Dataset items
- - -

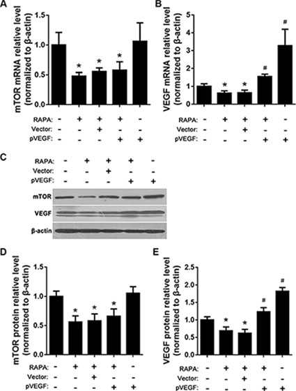 Figure 4: Effects of mTOR inhibition and VEGF overexpression on mTOR, AP-1, and VEGF expression. (A) mTOR mRNA levels after RAPA and/or pVEGF treatment were detected by RT-qPCR, *p < 0.05 vs. untreated cells. (B) VEGF mRNA levels after RAPA and/or pVEGF treatment were detected by RT-qPCR, *p < 0.05 VEGF low expression vs. untreated cells, #p < 0.05 VEGF high expression vs. untreated cells. (C) mTOR and VEGF protein levels after RAPA and/or pVEGF treatment were detected by Western blot. (D) Relative mTOR protein levels, *p < 0.05 vs. untreated cells. (E) Relative VEGF protein levels, *p < 0.05 VEGF low expression vs. untreated cells, #p < 0.05 VEGF high expression vs. untreated cells.
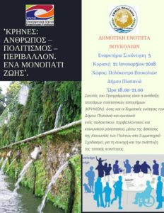 Την Κυριακή 21/1 η επόμενη συνάντηση φορέων & πολιτών της Δ.Ε Βουκολιών στο πλαίσιο της πρωτοβουλίας «Κρήνες: Ένα Πολιτιστικό-Κοινωνικό και Περιβαλλοντικό Μονοπάτι Ζωής» που υλοποιεί ο Δήμος Πλατανιά & η Ε.Δ.Ε.Ε.Κ
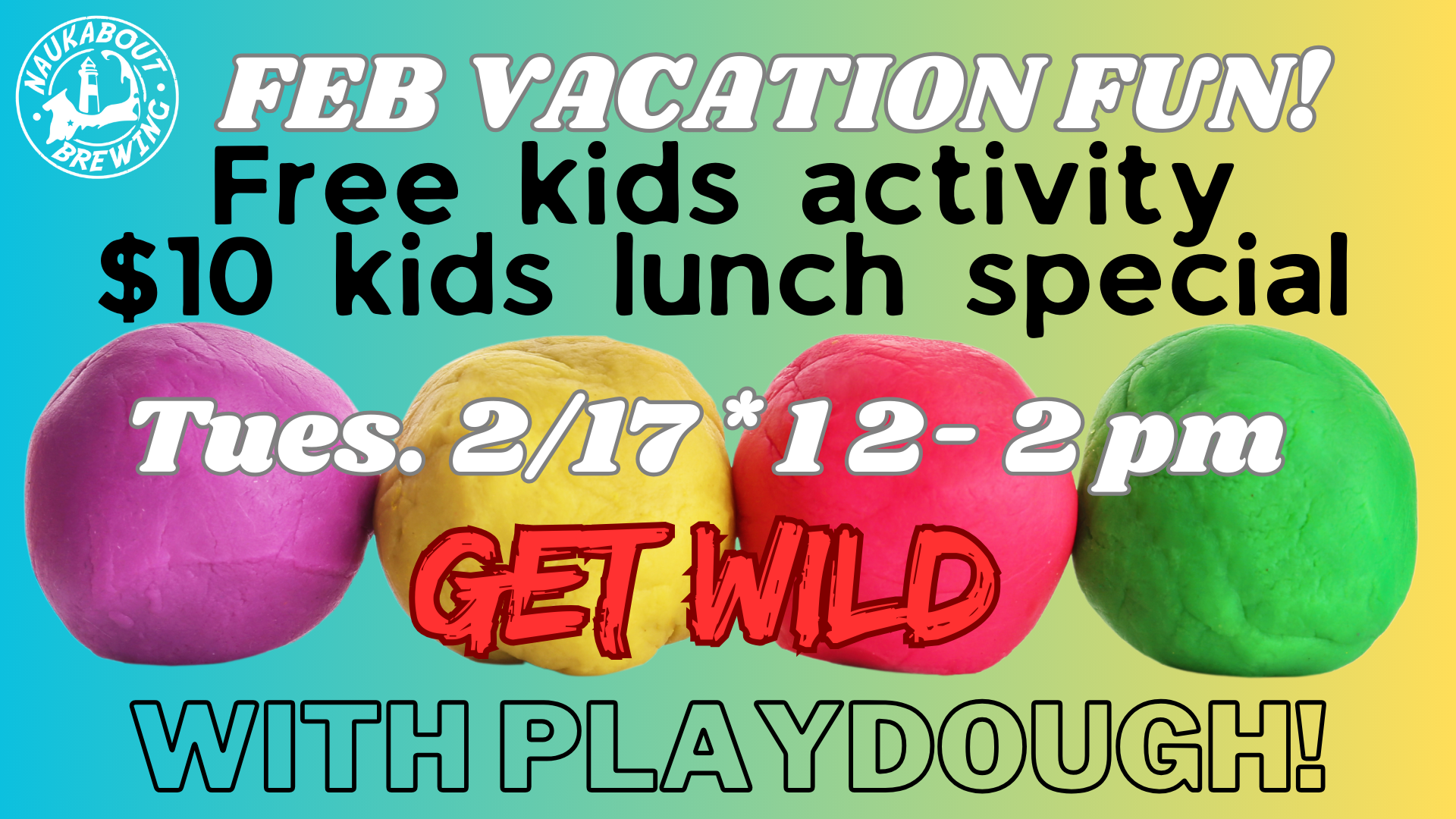 Naukabout Beer Co. (map) 13 Lake Avenue Mashpee, MA, 02649 United States ✚ gCal ✚ iCal Join us in the taproom to make the most out of February Vacation! Kids will enjoy a $10 lunch special and today we'll be exploring the wonderful world of playdough!
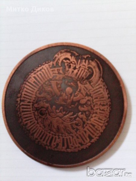 Плакетата е стара руска медна или месингова чéрвеникав оттенък-има надпис от едната страна на правописа е много особен и не мога да разбера какво пише-а от другата страна има изглед от руски град вероятно Москва или Ленинград-диаметър 8см-изпращам по еконт с отстъпка
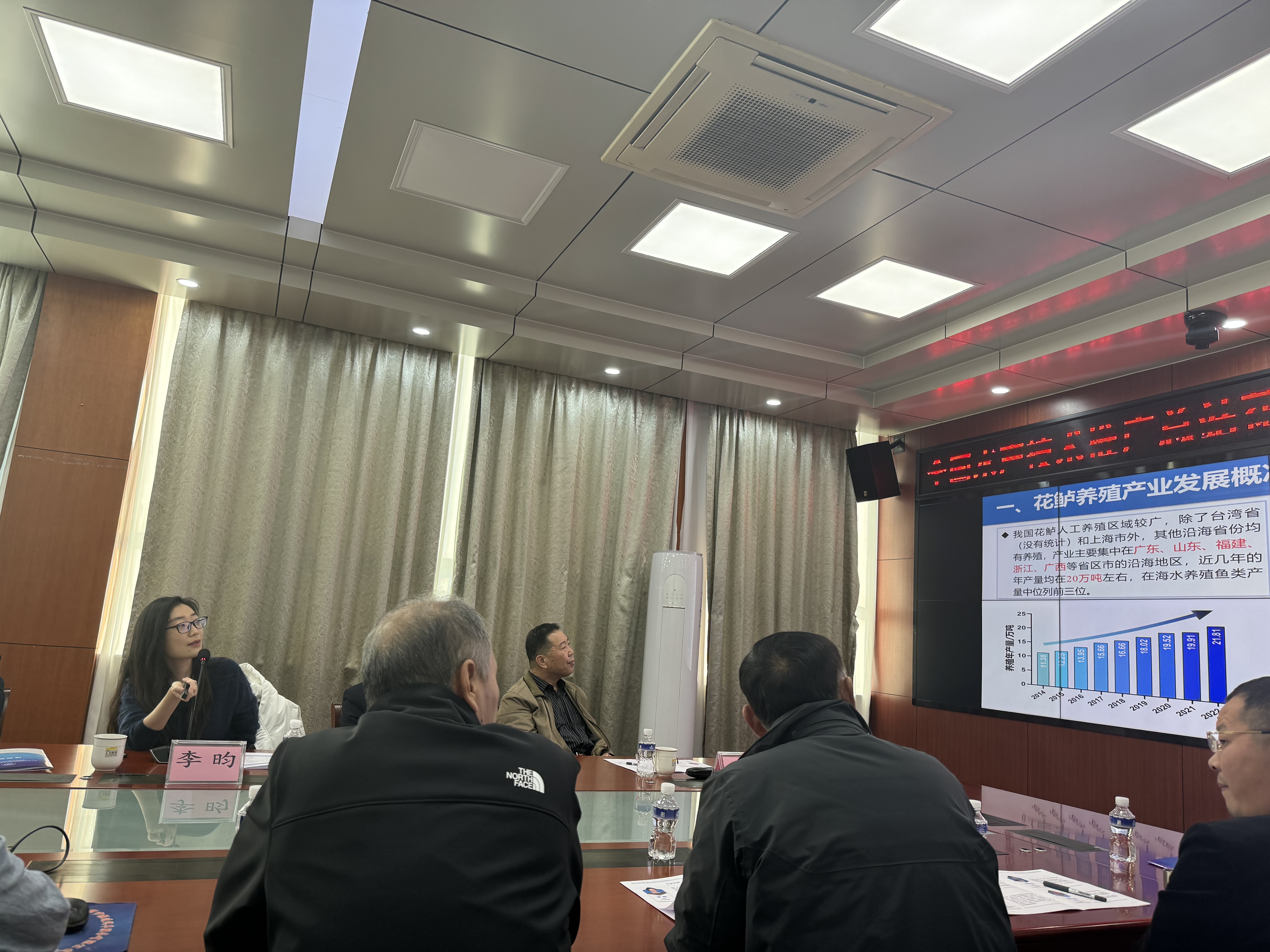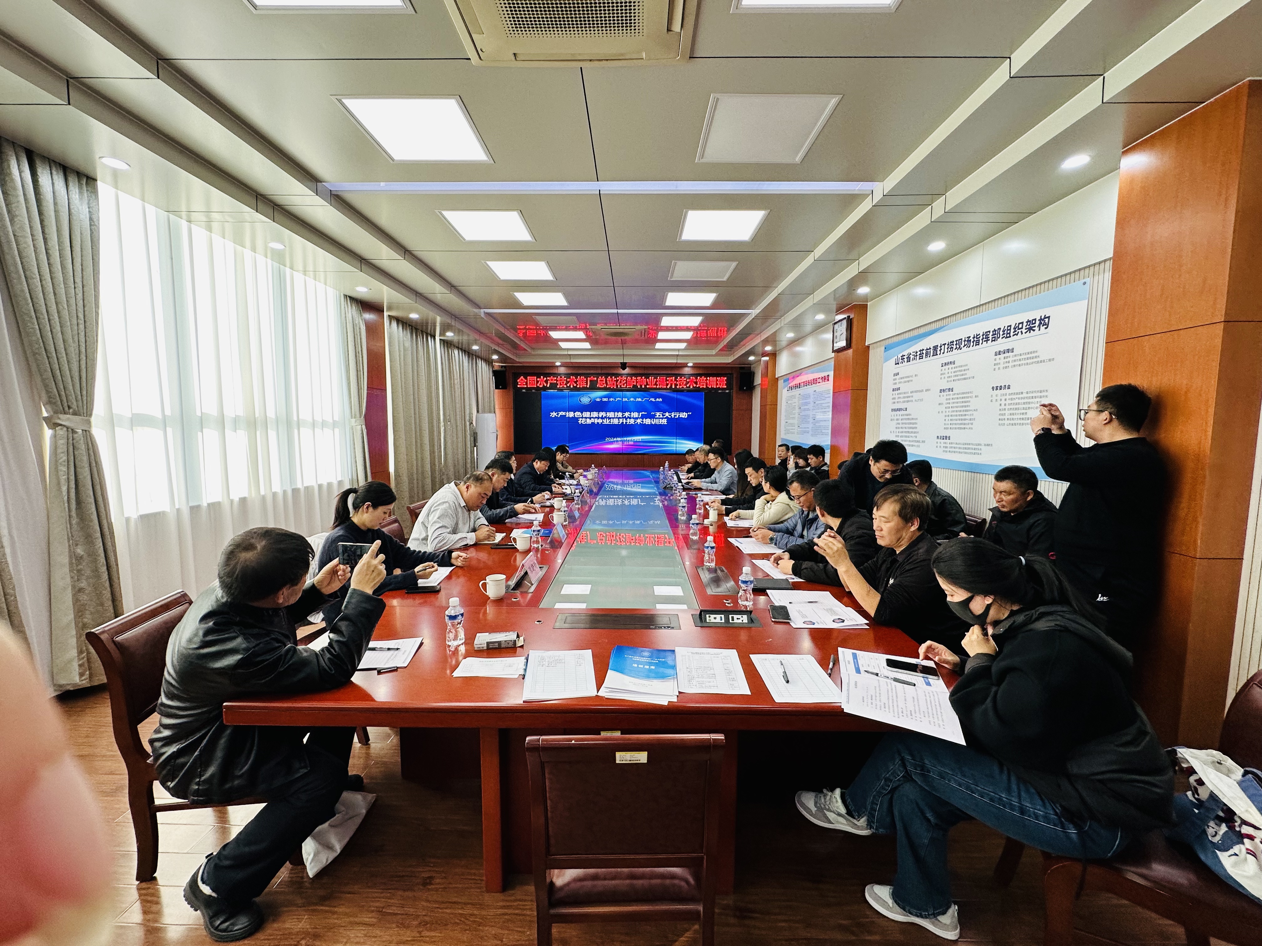 2024年11月29日,花鲈种业提升技术培训在山东省日照市举办,主要面向日照市“五大行动”骨干基地代表及海水鱼养殖主体代表。培训由全国水产技术推广总站主办,日照市海洋与渔业研究院以及山东省日照市渔业技术推广站协办,全国水产技术推广总站日照海水良种示范基地承办。 相关领域领导和专家围绕花鲈养殖技术、疫病防控技术和水产投入品使用注意事项等养殖主体关心的问题进行培训授课,李昀教授受邀做“花鲈产业发展概况及遗传改良研究进展”主题讲座。培训结束后,各领导、专家以及培训人员共同参观总站日照海水良种示范基地花鲈亲本及苗种培育现场。
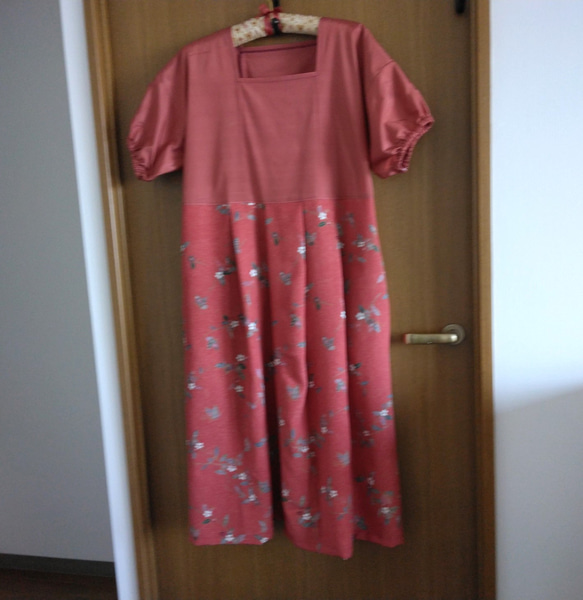 今回はそんな余っていた八掛と着物地を使用して、スクエアネックのウエスト切り替えタックワンピースを作ってみました
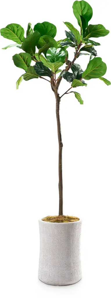 The Faux Fiddle Leaf Fig Tree brings lifelike greenery to your space year-round. Large, sculptural leaves add a little drama (in a good way!) with lots of vibrant color. Potted in our Laurel Planter with a nature-inspired hue and carved horizonal lines.

- - -

### [Work instructions]
What is needed is an exact repetition of every entry, without the pictures.

### [Response]
 Figure 4: Effects of mTOR inhibition and VEGF overexpression on mTOR, AP-1, and VEGF expression. (A) mTOR mRNA levels after RAPA and/or pVEGF treatment were detected by RT-qPCR, *p < 0.05 vs. untreated cells. (B) VEGF mRNA levels after RAPA and/or pVEGF treatment were detected by RT-qPCR, *p < 0.05 VEGF low expression vs. untreated cells, #p < 0.05 VEGF high expression vs. untreated cells. (C) mTOR and VEGF protein levels after RAPA and/or pVEGF treatment were detected by Western blot. (D) Relative mTOR protein levels, *p < 0.05 vs. untreated cells. (E) Relative VEGF protein levels, *p < 0.05 VEGF low expression vs. untreated cells, #p < 0.05 VEGF high expression vs. untreated cells.
 Την Κυριακή 21/1 η επόμενη συνάντηση φορέων & πολιτών της Δ.Ε Βουκολιών στο πλαίσιο της πρωτοβουλίας «Κρήνες: Ένα Πολιτιστικό-Κοινωνικό και Περιβαλλοντικό Μονοπάτι Ζωής» που υλοποιεί ο Δήμος Πλατανιά & η Ε.Δ.Ε.Ε.Κ
 Naukabout Beer Co. (map) 13 Lake Avenue Mashpee, MA, 02649 United States ✚ gCal ✚ iCal Join us in the taproom to make the most out of February Vacation! Kids will enjoy a $10 lunch special and today we'll be exploring the wonderful world of playdough!
 Плакетата е стара руска медна или месингова чéрвеникав оттенък-има надпис от едната страна на правописа е много особен и не мога да разбера какво пише-а от другата страна има изглед от руски град вероятно Москва или Ленинград-диаметър 8см-изпращам по еконт с отстъпка
 2024年11月29日,花鲈种业提升技术培训在山东省日照市举办,主要面向日照市“五大行动”骨干基地代表及海水鱼养殖主体代表。培训由全国水产技术推广总站主办,日照市海洋与渔业研究院以及山东省日照市渔业技术推广站协办,全国水产技术推广总站日照海水良种示范基地承办。 相关领域领导和专家围绕花鲈养殖技术、疫病防控技术和水产投入品使用注意事项等养殖主体关心的问题进行培训授课,李昀教授受邀做“花鲈产业发展概况及遗传改良研究进展”主题讲座。培训结束后,各领导、专家以及培训人员共同参观总站日照海水良种示范基地花鲈亲本及苗种培育现场。
 今回はそんな余っていた八掛と着物地を使用して、スクエアネックのウエスト切り替えタックワンピースを作ってみました
 The Faux Fiddle Leaf Fig Tree brings lifelike greenery to your space year-round. Large, sculptural leaves add a little drama (in a good way!) with lots of vibrant color. Potted in our Laurel Planter with a nature-inspired hue and carved horizonal lines.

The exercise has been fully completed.